Restate each entry below exactly; pictures stay out of the copy.

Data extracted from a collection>
++++++++++++++++++++

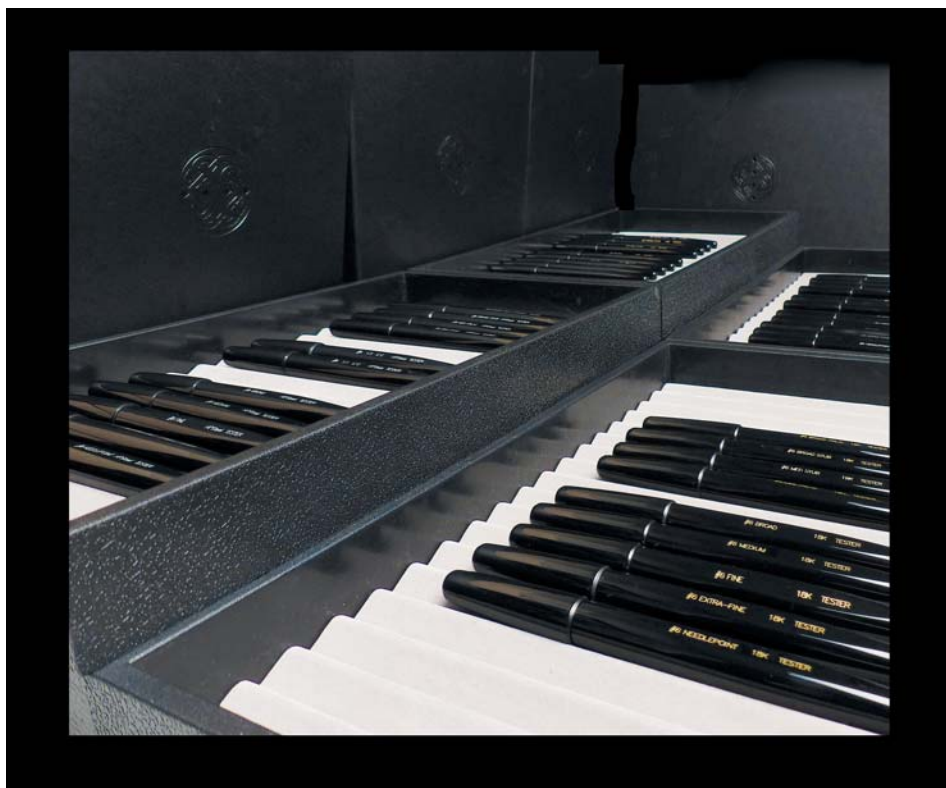
Franklin-Christoph's nib testing kit travels the pen show circuit.

particularly cost-effective, but it does give Franklin-Christoph an edge: the products are constantly being tweaked, and the improved versions can make their way to consumers that much faster. The Firma-Flex material has been upgraded, and new perimeter stitching in subtle color variations coordinates with the page printing, such as dark maroon stitching for ruled paper. Many customers have asked for loose-leaf paper, which is being added to the collection as well.
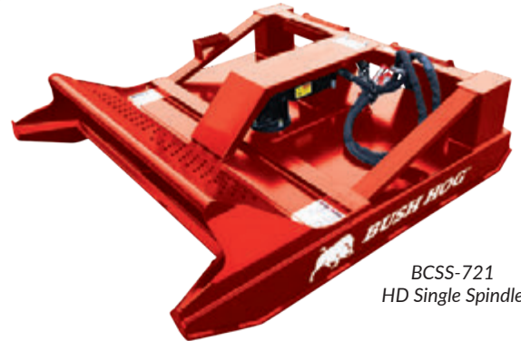
BCSS-721 HD Single Spindle
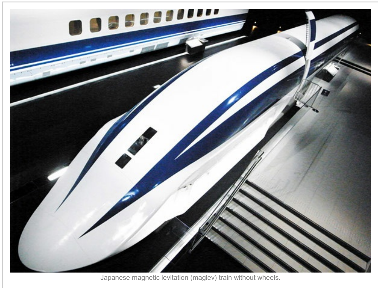
Japanese magnetic levitation (maglev) train without wheels.

As usual, reality offers us two choices. We can look the other way and take a nap on the comfortable cushion of national pride. Typical of that approach was an article published by the French daily Le Figaro on December 27 reporting the Japanese decision to invest 32 billion euros in a Maglev line linking Tokyo to Nagoya (290 km) planned to be operational as of 2025.
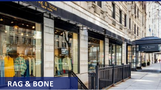
RAG & BONE
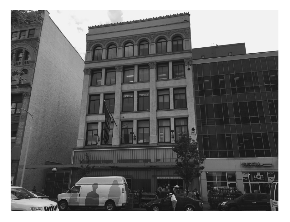
Figure 1.6 The Studio Museum in Harlem, New York.

into bankruptcy and closed. It reopened in 2014 after foundations in the city formed a consortium to raise funds and purchase the center (O'Toole 2015). Even old guard museums like the Charles H. Wright Museum of African American History have faced financial difficulties. In 2004, the Detroit institution needed emergency funding from the city to remain open (Montagne 2004).
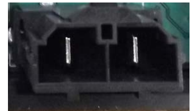
2w Minifit Sr

RED - Connect to direct 12V battery source.
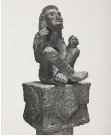
Manuel Alvarez Bravo Xōchilipilli ,God of flowers and dancing, gaming and fiestas from The Aztec Artifacts , 1930s-1940s Gelatin silver print 9 1/2 x 7 1/2 inches (24.13 cm x 19.05 cm) Collection of the Nevada Museum of Art, The Robert S. and Dorothy J. Keyser Art of the Greater West Collection Fund
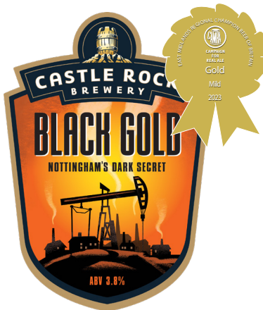
BLACK GOLD 3.8 % ABV

Full-bodied mild with a hoppy aroma and well-balanced bittersweet taste. GOLD CAMRA Champion Beer East Mids Region.
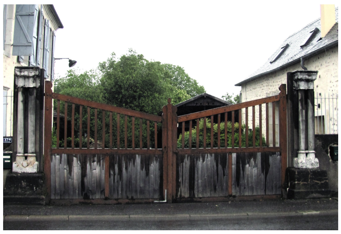
Fig. 3: Portal with colums from the couvent of the Franciscan monastery, Morlaàs, Pyrénées-Atlantiques, France

However, it was the Religious wars that proved to be most devastating in this region. Entire communities were wiped out and monasteries razed to the ground. Protestant troops found an opportunity for lucrative commerce during a time of upheaval by selling the beautiful architectural fragments. The Franciscan cloisters at Morlàas and of Montauban were duly dismantled and sold to the highest bidder. To this day, parts of the cloisters can be found arching over doorways of town houses (fig. 3).
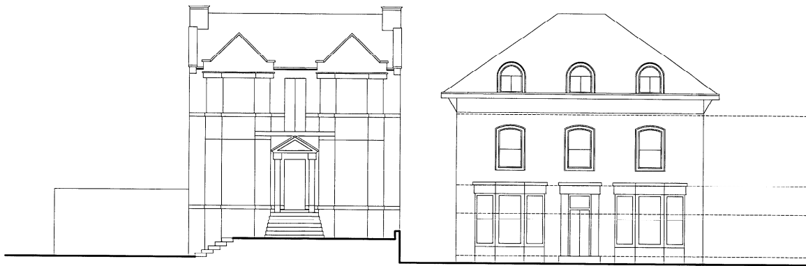
42 Yarm Road
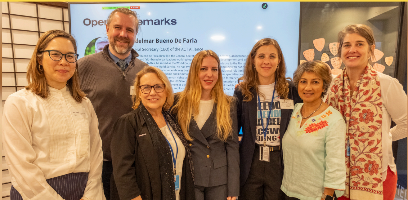
Members of the MFAC Gender Working Group. 2025.

This brief draws on research conducted by the United Nations Multi-Faith Advisory Council (MFAC) Gender Working Group. It aims to promote dialogue and strengthen partnerships between the UN and FBOs by sharing-evidence and practical guidance on how faith can positively contribute to advancing gender equality. The MFAC was convened by the UN Inter-Agency Taskforce on Religion and Sustainable Development (IATF-Religion) in September 2018 as an informal and voluntary entity, currently composed of 36 UN system accredited faith-based partners, reflecting the diversity of religious expressions with representation from around the world.

++++++++++++++++++++

OUTPUT BELOW>
Franklin-Christoph's nib testing kit travels the pen show circuit.

particularly cost-effective, but it does give Franklin-Christoph an edge: the products are constantly being tweaked, and the improved versions can make their way to consumers that much faster. The Firma-Flex material has been upgraded, and new perimeter stitching in subtle color variations coordinates with the page printing, such as dark maroon stitching for ruled paper. Many customers have asked for loose-leaf paper, which is being added to the collection as well.
BCSS-721 HD Single Spindle
Japanese magnetic levitation (maglev) train without wheels.

As usual, reality offers us two choices. We can look the other way and take a nap on the comfortable cushion of national pride. Typical of that approach was an article published by the French daily Le Figaro on December 27 reporting the Japanese decision to invest 32 billion euros in a Maglev line linking Tokyo to Nagoya (290 km) planned to be operational as of 2025.
RAG & BONE
Figure 1.6 The Studio Museum in Harlem, New York.

into bankruptcy and closed. It reopened in 2014 after foundations in the city formed a consortium to raise funds and purchase the center (O'Toole 2015). Even old guard museums like the Charles H. Wright Museum of African American History have faced financial difficulties. In 2004, the Detroit institution needed emergency funding from the city to remain open (Montagne 2004).
2w Minifit Sr

RED - Connect to direct 12V battery source.
Manuel Alvarez Bravo Xōchilipilli ,God of flowers and dancing, gaming and fiestas from The Aztec Artifacts , 1930s-1940s Gelatin silver print 9 1/2 x 7 1/2 inches (24.13 cm x 19.05 cm) Collection of the Nevada Museum of Art, The Robert S. and Dorothy J. Keyser Art of the Greater West Collection Fund
BLACK GOLD 3.8 % ABV

Full-bodied mild with a hoppy aroma and well-balanced bittersweet taste. GOLD CAMRA Champion Beer East Mids Region.
Fig. 3: Portal with colums from the couvent of the Franciscan monastery, Morlaàs, Pyrénées-Atlantiques, France

However, it was the Religious wars that proved to be most devastating in this region. Entire communities were wiped out and monasteries razed to the ground. Protestant troops found an opportunity for lucrative commerce during a time of upheaval by selling the beautiful architectural fragments. The Franciscan cloisters at Morlàas and of Montauban were duly dismantled and sold to the highest bidder. To this day, parts of the cloisters can be found arching over doorways of town houses (fig. 3).
42 Yarm Road
Members of the MFAC Gender Working Group. 2025.

This brief draws on research conducted by the United Nations Multi-Faith Advisory Council (MFAC) Gender Working Group. It aims to promote dialogue and strengthen partnerships between the UN and FBOs by sharing-evidence and practical guidance on how faith can positively contribute to advancing gender equality. The MFAC was convened by the UN Inter-Agency Taskforce on Religion and Sustainable Development (IATF-Religion) in September 2018 as an informal and voluntary entity, currently composed of 36 UN system accredited faith-based partners, reflecting the diversity of religious expressions with representation from around the world.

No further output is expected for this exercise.